The spatial covariation of TNBC and ICE measures were visualized using bivariate choropleth maps. First, breast cancer patients were aggregated to their census tract of residence to create tract-level measures of the percentage of patients with TNBC. The % TNBC and ICE values were separated into quintiles based on their respective tract-level distributions within New Castle County. For the ICE measures, quintiles were coded such that lower ICE values (representing greater disadvantage) correspond to higher quintiles representing greater relative disadvantage. The quintiles of % TNBC and ICE were combined to create 5 × 5 classification systems that denote whether census tracts are relatively low, moderate, or high in each value. The resulting 25 classification values were symbolized using color and saturation to simultaneously show variation in both measures. For ease of visualization, only the highest/lowest quintile extremes of the classification system (low/low, low/high, high/low, and high/high) were colored in the maps. Geocoding and final map preparations were conducted in ArcMap 10.8.[46]

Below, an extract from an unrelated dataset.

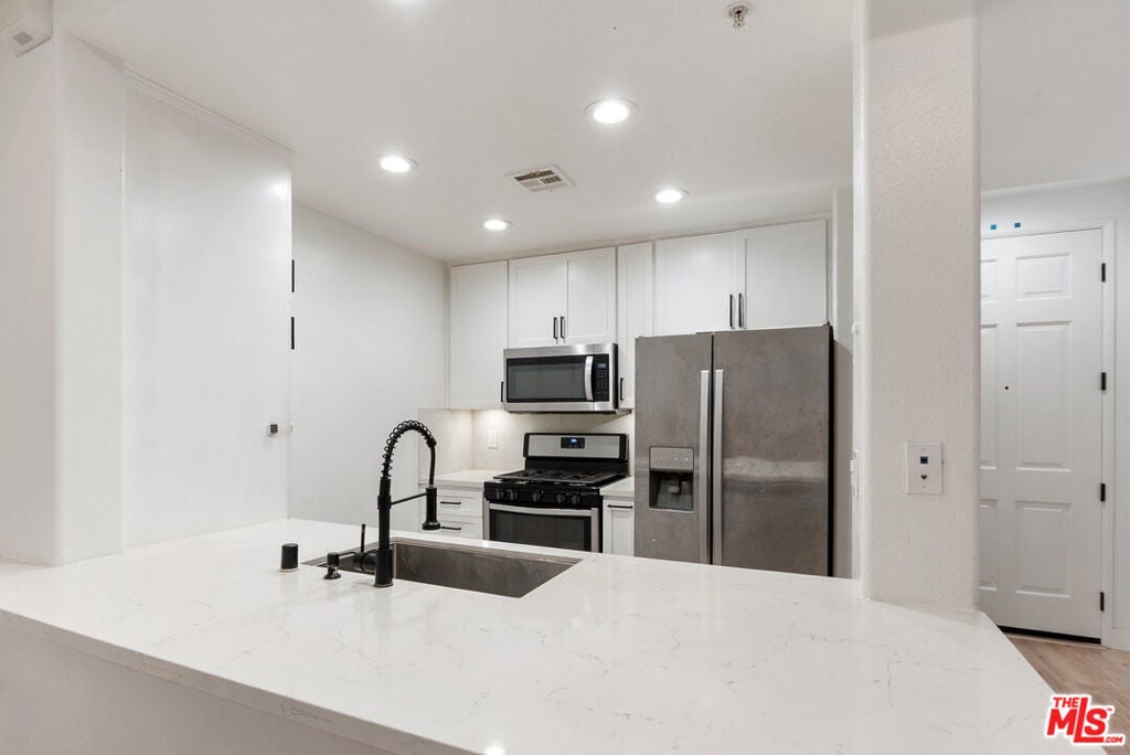 Renovated, bright, and airy two bedroom, two bath condo with no neighbors below, located in the heart of Playa Vista. This stunning, exterior-facing residence offers serene, tree-lined views and exceptional privacy. The spacious open concept living area features wide plank light flooring, a modern fireplace, and a large balcony with turf, seamlessly flowing into the dining area. The fully remodeled kitchen is equipped with stainless steel appliances, quartz countertops and ample cabinetry, ideal for cooking and entertaining. The spacious primary suite is a true retreat, complete with an en suite bathroom featuring dual sinks. Additional highlights include a guest bedroom, new in-unit washer and dryer, two designated parking spaces, custom closets and window treatments, recessed lighting, modern light fixtures, a Nest thermostat, a smart lock with keypad entry, and so much more. All of this is situated in a highly desirable Playa Vista location, offering easy access to The CenterPointe Club, The Resort, and the shopping and dining at Runway.

To begin to characterize place-based systems of exposure related to metabolic risk factors for TNBC, descriptive tables were created where census tracts were classified according to their quintiles of TNBC and ICE-Race (low/low, low/high, high/low, and high/high) that were visualized in the bivariate choropleth map. Population data from the American Community Survey were used to describe race, poverty, and education levels for the census tract groups.[49] Tract-level data on systems of exposure included alcohol and fast-food retailers, as well as prevalence of AUD and obesity. Supplemental bar charts show the variation of alcohol retailers, fast-food retailers, AUD prevalence, and obesity prevalence by census tract ICE quintiles.